Refreshing to see blog posts like this one from "Ixnay," who I guess is a key member of Sabayon's dev team: Equo rewrite, Sabayon 10 and Google

I don't understand half of what he wrote about, but at least he communicates with the users and let's us know what's going on.

Sabayon, a cutting-edge distro, really isn't my cup of tea, in a way. Sort of like how I couldn't see myself using only Fedora instead of something like Debian Stable (or something based on Stable), or even Ubuntu LTS. I like to have something that I'm pretty sure won't get borked by updates.

But Sabayon and Fedora are kinda fun to use, and interesting. Fortunately, I don't have to choose; I can play it safe and run a "stable" distro, but also live on the edge a bit with something like Sabayon.

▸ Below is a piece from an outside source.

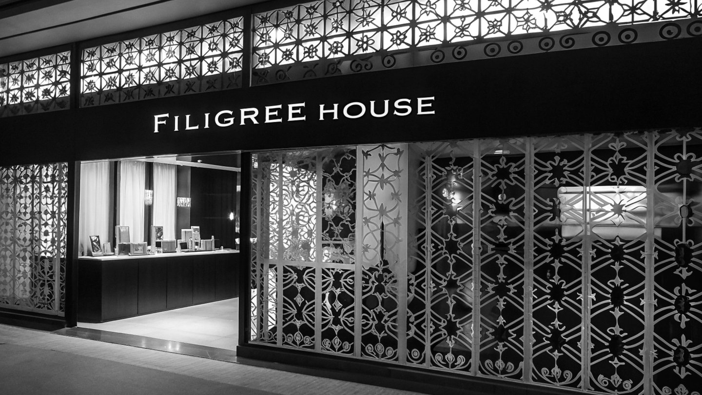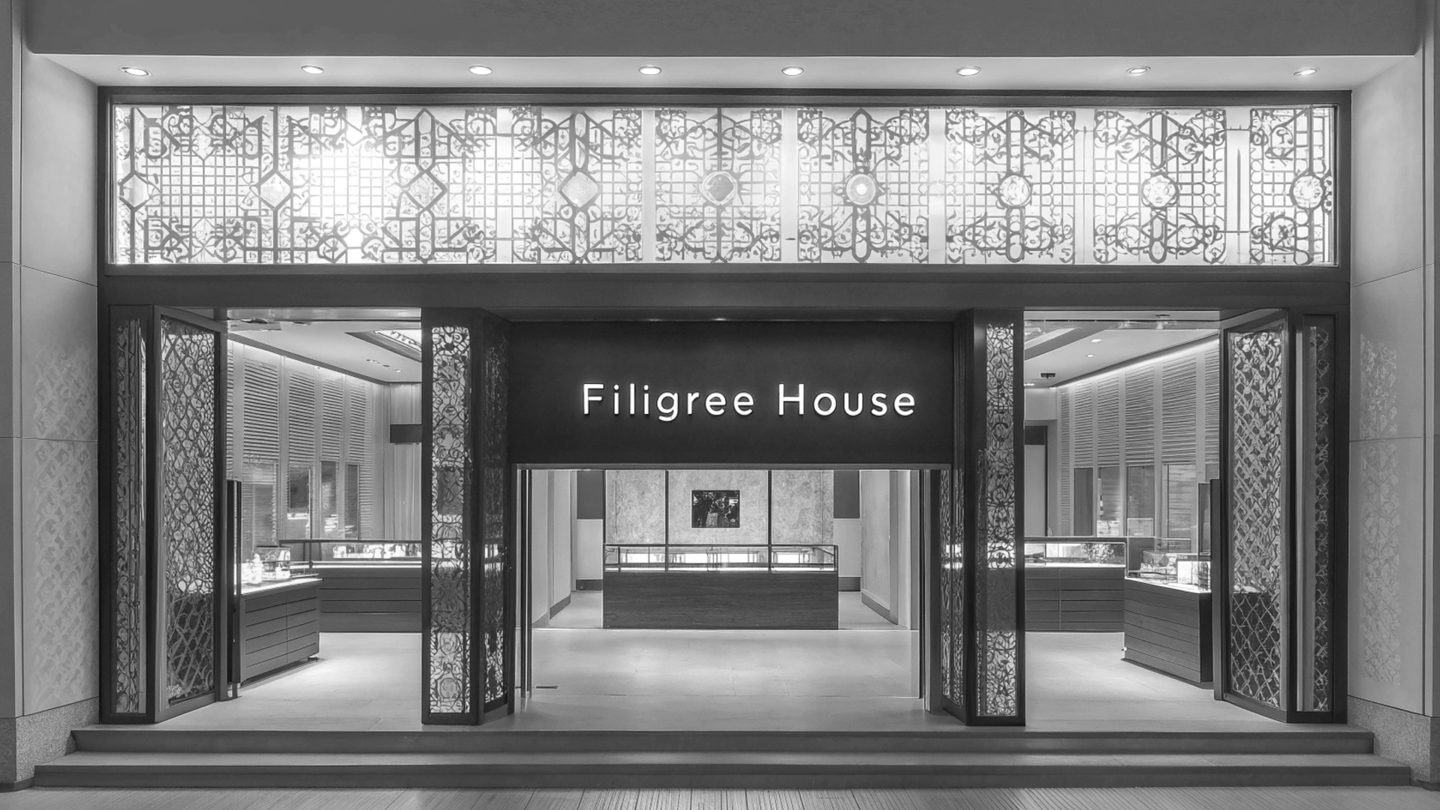 prompt: Create an interior of a premium shop of modern filigree jewelry store in black and white colors called «FILIGREE HOUSE»

Here's an excerpt from Ixnay's post, outlining some upcoming developments in Sabayon:

Before leaving for Dublin, we (as in the Sabayon team) are planning to release Sabayon 10. improved ZFS support, improved Entropy & Rigo experience (all the features users asked me about have been implemented!), out of the box KMS improvements, BFQ iosched as default scheduler (I am a big fan of Paolo Valente’s work) a load of new updates (from the Linux kernel to X.Org, from GNOME to KDE through MATE) and if we have time, more Gentoo-hardened features.

My biggest issue with Sabayon so far was a few weeks back when, while pulling in weekly updates, I kept getting a 'data not available on this mirror' message for just about every package that equo tried to pull from the first three repositories it tried. That really made the upgrade process agonizingly slow. It seemed to be the exact same situation that's described in this bug report from a few months back. At the end of that bug reports are notes from Fabio Erculiani noting that the mirrors were later updated or re-synchronized; I guess the same problem creeped up again, and was resolved again.

It might be interesting to see what improvements they have in store for Rigo, their GUI front-end for Entropy. I still don't use it for updating my system, though; I prefer to go to the command line:

# equo update
# equo upgrade --ask
# equo conf update

Sabayon 9 currently has KDE 4.9.00 and Chromium 21.0.1180.57 (148591). It's a rolling-release distro, so all I should have to do is keep up with the weekly updates and I'll be looking at Sabayon 10 sometime in October.

I've only been running Sabayon since late June, but I'm impressed by this distro, overall. Remains to be seen how I feel a couple of years down the road.